The designers and engineers who created the 24 were integrated into the Citroën team, as were the rest of Panhard’s workforce. Their initial job was the creation of the Citroën Dyane – an anagram of Dyna owned by Panhard. It was yet another 2CV clone, done quickly and cheaply, launched in 1967 with a (misguided) view to replace the 2CV. Many consider the Citroën GS to be the one car that carried Panhard’s spirit, as the old firm’s men had a lot to do with its design.
The GS was a good car in many ways, but it was no Panhard 24. Citroën made many mistakes in the ‘60s and ‘70s, culminating in the Wankel-engined GS Birotor that broke the company’s back and drove it into bankruptcy, only to be salvaged by Peugeot. Other mistakes include the “Projet F,” the purchase of Maserati, the politically short-sighted tie-up with Fiat. But the worst by far was the waste of talent that was the Panhard 24.
Citroën did use a few features from the 24, nonetheless. Panhard had designed a very smart system for the 24’s front seats, which enabled the driver and passenger to set not just the the seat back’s inclination, but also seat base’s height, pitch and distance from the wheel. This gave the driver a choice of 1764 configurations. This innovative feature was also found on the bigger Citroëns of the ‘70s.

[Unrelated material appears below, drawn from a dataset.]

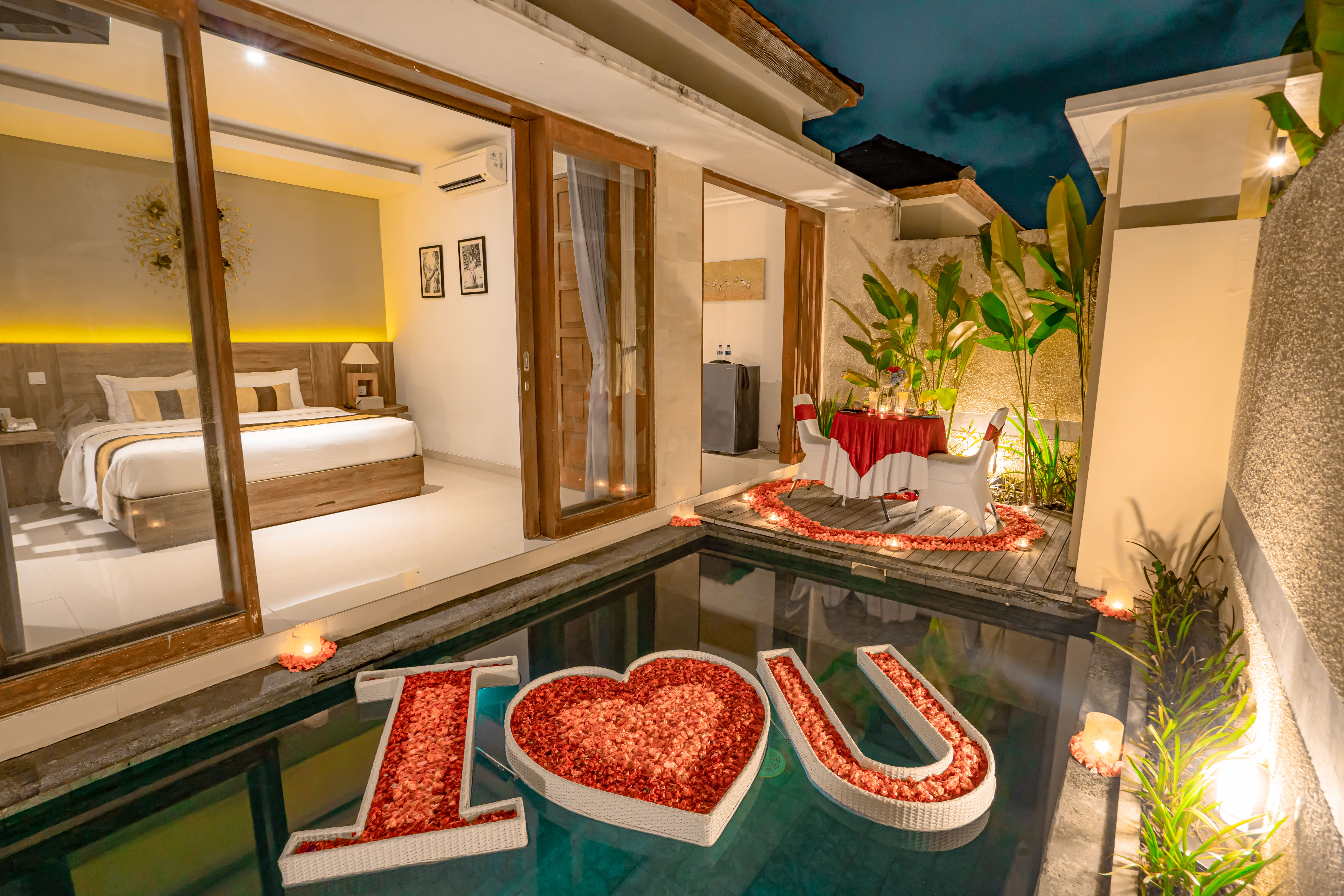 아름다운 경치와 전통적인 발리식 정원으로 둘러싸여 있어 완전한 프라이버시를 제공합니다. 개인 수영장에서 프라이빗하게 수영을 즐기실 수 있습니다.

Another obvious influence was the 24’s quad-headlamp (plus turn signal) set-up, made in cooperation with Cibié. As soon as he saw the Panhard coupé, Citroën chief designer Flaminio Bertoni tried to adapt something like it on the DS. Bertoni died before he could complete this facelift, but his team, now lead by Robert Opron, carried on with the work, which was finalized in 1967. In the meantime, as we can see above, coachbuilder Pichon-Parat used the 24’s headlamps on a few DS specials in the mid-‘60s.
So what’s it like to own a Panhard 24? According to many, these cars have several good points, including terrific handling, effective (though hard) disc brakes, unparalleled visibility, good interior appointments and ventilation, low fuel consumption (around 7 litres / 100km, or 33 mpg US), excellent access to all the oily bits. It is relatively cheap to buy and run. Having had the chance to ride in one, I can also attest that it is very comfortable and not as loud as expected.
On the downside, one can point to the fragility of the highly-stressed engine (which can only be repaired by specialists). The car lacks torque and hates going uphill. The drum brakes are barely able to do the job, the steering is rather heavy and the 24’s inconsistent build quality means that some cars can take a lot of sorting out. Plus there are a multitude of hidden rust traps, as per many cars of the ‘60s.
Developed on a shoestring budget, hamstrung by its parent company, built within an ancient factory and sold by dealers who usually didn’t care for it, the 24 had a difficult life. Panhard still managed to make over 28,000 of them, including about 2000 of the 24 B. But the star product, available throughout the model’s production, was undoubtedly the 24 CT, which accounts for half of the aforementioned total.
So let’s close with a last gander at that poor 24 CT, whose front end had a bad encounter with some sort of stubborn and pernicious obstacle. Bet it was a Citroën.